How to get Docker containers to talk to each other while running on my local host?


Introduction

Connection in Docker container can be made using various ways. Some of these are explained in this article. Docker networking using the command line interface and docker-compose.
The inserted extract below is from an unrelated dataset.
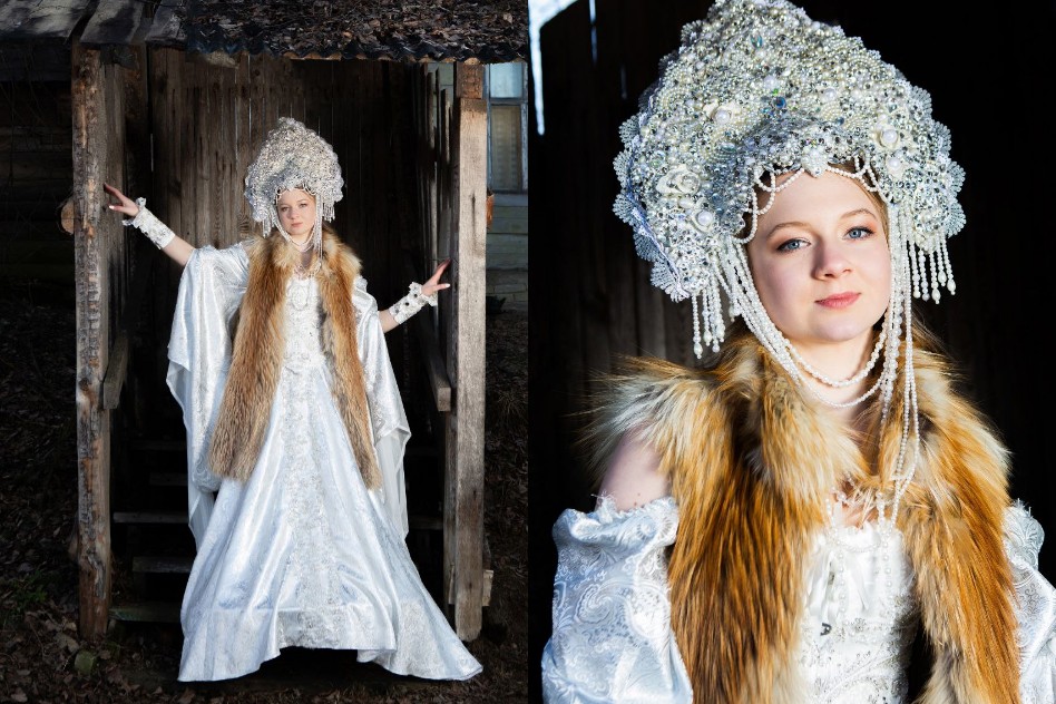 «Это получилось спонтанно. Для конкурса нужен был уникальный образ, и я решила не брать платье в аренду, а создать костюм самостоятельно. Помню, как папа помогал мне искать ткани на огромном рынке в Кыргызстане, а мама консультировала по дизайну. Вначале родился образ из белой парчи — «Царевна Лебедь». Потом была «Жар-птица»…

This networking leads to communication between the containers.

Pre-requisites

Install the below prerequisites before executing the commands.

  • Docker Engine

  • Docker compose

Methods

These methods are simple and easy to implement on the local machine.

  • Using CLI commands

  • Using Docker Compose

Using Command Line Interface

Here we are going to create two different containers and connect them using the docker networking features.
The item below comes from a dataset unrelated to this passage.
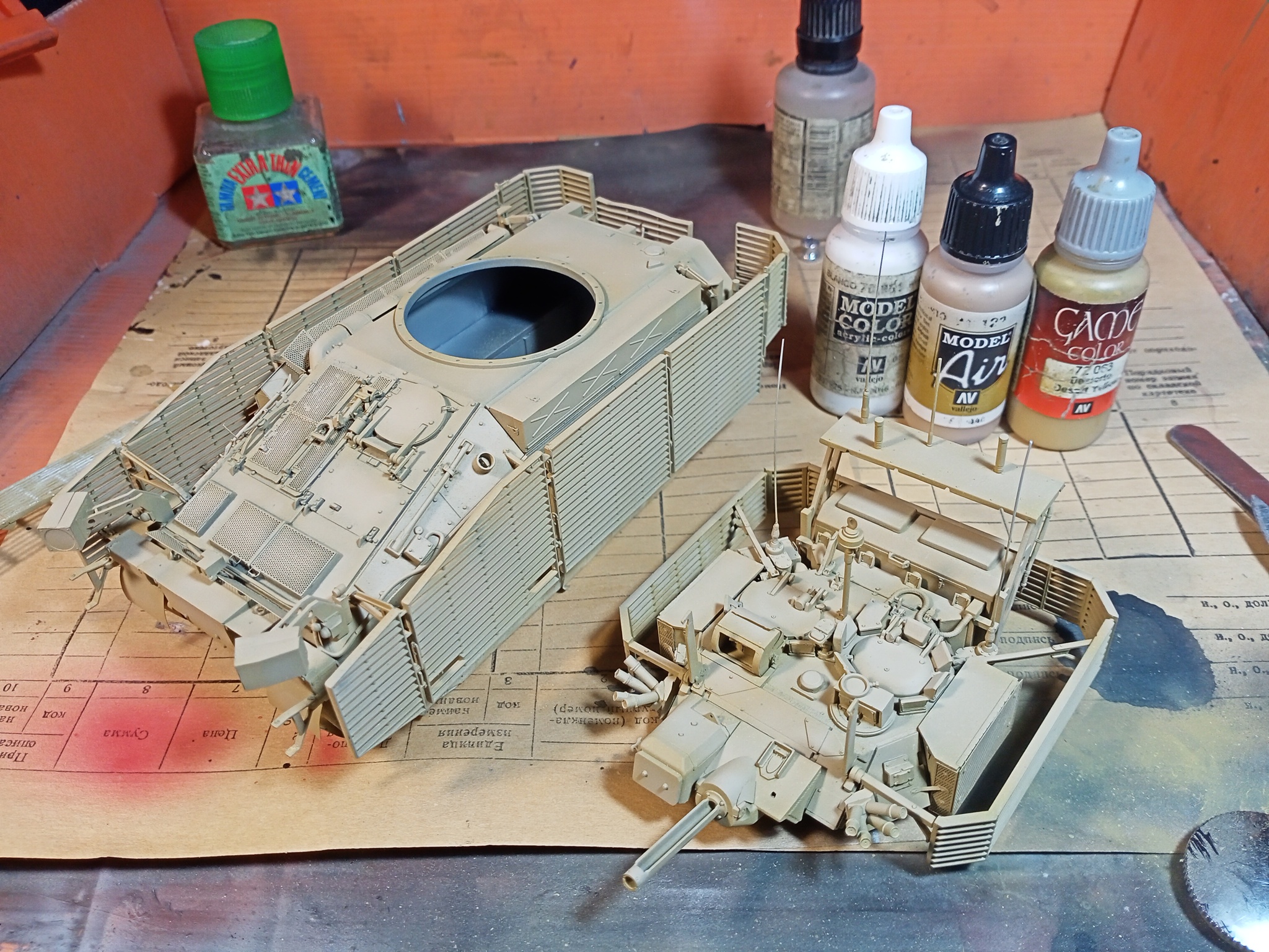 песочный из смеси акрилов Vallejo Air US Desert Tan и Vallejo Game Desert Yellow. Высветления - той же смесью с каплей белой краски. Не столько было сложно окрасить корпус за экранами, сколько сами экраны равномерно и без пропусков.

Step 1: Create a Docker network

$ docker network create --driver bridge test_network 729f7d54a28063daaaef68693de94e5bd52fe9d65ec2c662021712be2d198511

Check if the new network “test_network” of driver type “bridge” is created or not.

$ docker network ls

Output

NETWORK ID    NAME      DRIVER   SCOPE
0bfc15d4d317 bridge      bridge  local
db9d7d7d4e55 host        host    local
6f035e31161b minikube    bridge  local
dd1341a489b9 mynetwork   bridge  local
574f05aae08a none        null    local
729f7d54a280 test_network bridge local

Step 2: Create the first Docker container

Here we created our first Docker container and connected it with the network “test_network” we created in the previous step.

$ docker run -itd --name container1 --network test_network ubuntu:latest

Output

dbf034ade04f36fd30609552c22af78ef1be64e32c8629ec1a0737e9af0982b8

Step 3: Create a second Docker container

~$ docker run -itd --name container2 --network test_network ubuntu:latest

Output

ff0626f1459207871b60514bdd841957d18589e2299a68703f97ec075edcdfae

Step 4: Network check

Check if both containers are created under the “test_network” driver.

$ docker network inspect test_network

Output

[
   {
      "Name": "test_network",
      "Id": "729f7d54a28063daaaef68693de94e5bd52fe9d65ec2c662021712be2d198511",
      "Created": "2022-12-22T15:45:53.424766976+05:30",
      "Scope": "local",
      "Driver": "bridge",
      "EnableIPv6": false,
      "IPAM": {
         "Driver": "default",
         "Options": {},
         "Config": [
            {
               "Subnet": "172.19.0.0/16",
               "Gateway": "172.19.0.1"
            }
         ]
   },
   "Internal": false,
   "Attachable": false,
   "Ingress": false,
   "ConfigFrom": {
      "Network": ""
   },
   "ConfigOnly": false,
   "Containers": {
      "dbf034ade04f36fd30609552c22af78ef1be64e32c8629ec1a0737e9af0982b8": {
         "Name": "container1",
         "EndpointID":
         "530321af4739e56e5d243586aa8aaed9c1889405c6163ecf886e9f053b978dd4",
         "MacAddress": "02:42:ac:13:00:02",
         "IPv4Address": "172.19.0.2/16",
         "IPv6Address": ""
      },
      "ff0626f1459207871b60514bdd841957d18589e2299a68703f97ec075edcdfae": {
            "Name": "container2",
            "EndpointID":
            "6f3f02ded90f7e52301a4de7c23df14b4953b999d02e9232335d883ab64e4c1a",
            "MacAddress": "02:42:ac:13:00:03",
            "IPv4Address": "172.19.0.3/16",
            "IPv6Address": ""
         }
      },
      "Options": {},
      "Labels": {}
   }
]

Hence “container1” and “container2” both are on the same network.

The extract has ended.